RECORDS FOR THIS EXERCISE:

##########

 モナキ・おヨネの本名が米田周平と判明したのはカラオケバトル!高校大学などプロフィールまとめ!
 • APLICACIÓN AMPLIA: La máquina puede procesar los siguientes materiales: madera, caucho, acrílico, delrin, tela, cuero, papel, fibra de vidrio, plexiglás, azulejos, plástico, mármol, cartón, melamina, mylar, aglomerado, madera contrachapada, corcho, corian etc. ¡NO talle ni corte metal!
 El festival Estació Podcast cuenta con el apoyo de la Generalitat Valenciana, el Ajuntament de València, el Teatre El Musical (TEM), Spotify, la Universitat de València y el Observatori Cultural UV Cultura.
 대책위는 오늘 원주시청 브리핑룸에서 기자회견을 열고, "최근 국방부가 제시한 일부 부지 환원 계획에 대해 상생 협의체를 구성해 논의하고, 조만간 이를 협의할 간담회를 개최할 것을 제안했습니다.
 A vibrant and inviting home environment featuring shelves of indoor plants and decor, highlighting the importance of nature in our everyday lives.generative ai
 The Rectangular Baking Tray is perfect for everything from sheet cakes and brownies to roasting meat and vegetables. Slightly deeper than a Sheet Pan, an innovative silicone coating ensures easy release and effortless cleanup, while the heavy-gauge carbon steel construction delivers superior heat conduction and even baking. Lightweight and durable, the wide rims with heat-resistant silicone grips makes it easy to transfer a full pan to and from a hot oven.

##########

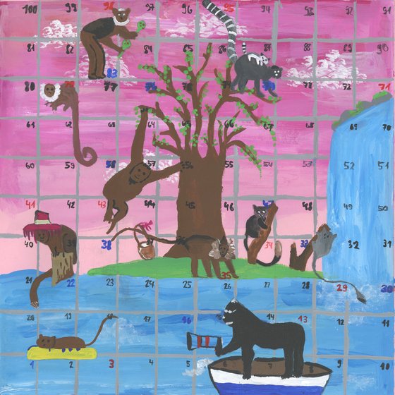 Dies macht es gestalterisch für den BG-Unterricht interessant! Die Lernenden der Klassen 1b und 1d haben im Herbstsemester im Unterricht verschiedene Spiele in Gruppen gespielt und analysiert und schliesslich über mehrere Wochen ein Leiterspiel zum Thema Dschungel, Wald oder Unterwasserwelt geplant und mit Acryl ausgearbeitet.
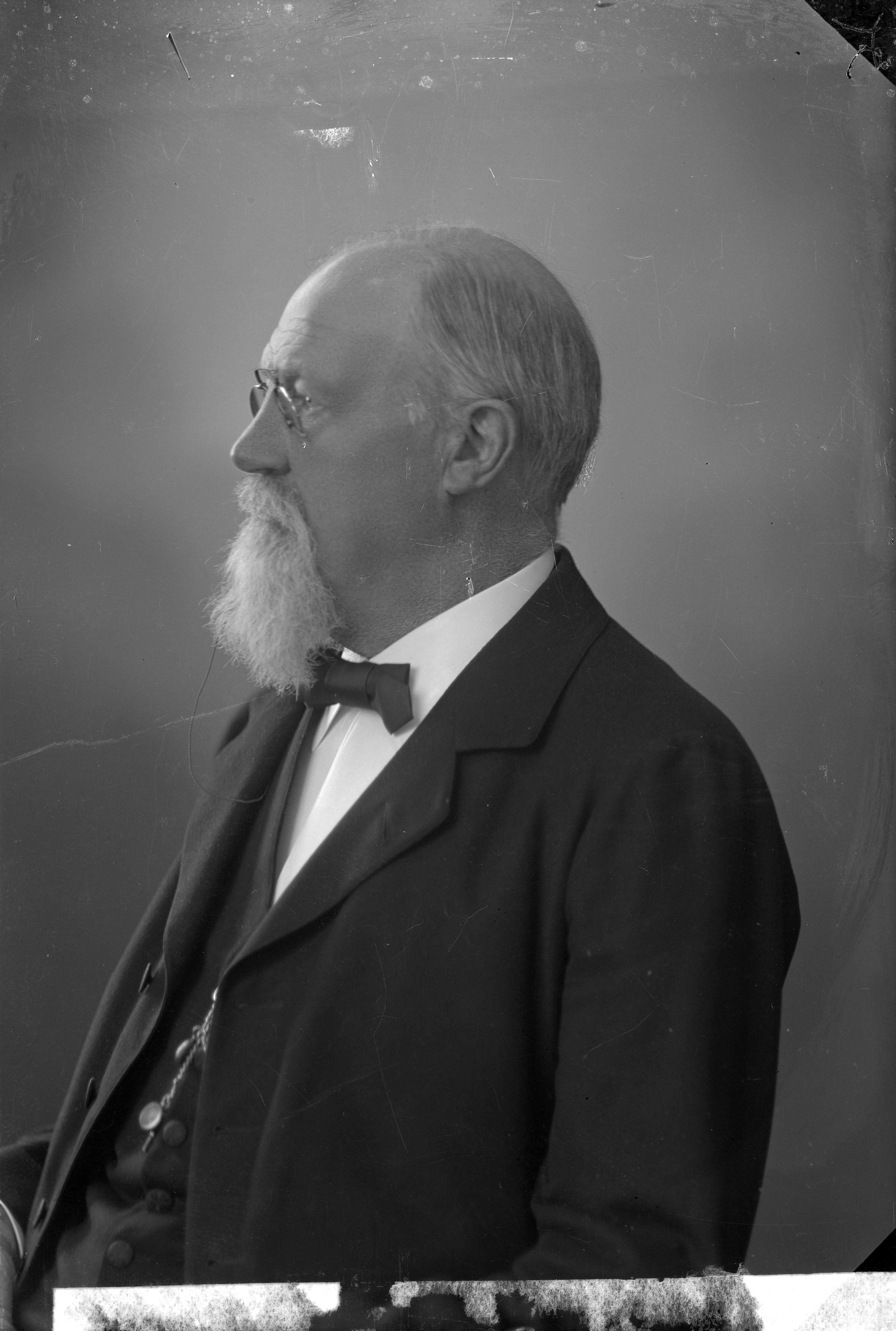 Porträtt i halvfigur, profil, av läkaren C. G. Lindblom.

##########

TASK GOAL: Beginning at the line with "モナキ・おヨネの本名が米田周" and ending at the line with "대책위는 오늘 원주시청", reproduce each line of the data above exactly, and add no other lines.

SOLUTION TO THE PROBLEM:
 モナキ・おヨネの本名が米田周平と判明したのはカラオケバトル!高校大学などプロフィールまとめ!
 • APLICACIÓN AMPLIA: La máquina puede procesar los siguientes materiales: madera, caucho, acrílico, delrin, tela, cuero, papel, fibra de vidrio, plexiglás, azulejos, plástico, mármol, cartón, melamina, mylar, aglomerado, madera contrachapada, corcho, corian etc. ¡NO talle ni corte metal!
 El festival Estació Podcast cuenta con el apoyo de la Generalitat Valenciana, el Ajuntament de València, el Teatre El Musical (TEM), Spotify, la Universitat de València y el Observatori Cultural UV Cultura.
 대책위는 오늘 원주시청 브리핑룸에서 기자회견을 열고, "최근 국방부가 제시한 일부 부지 환원 계획에 대해 상생 협의체를 구성해 논의하고, 조만간 이를 협의할 간담회를 개최할 것을 제안했습니다.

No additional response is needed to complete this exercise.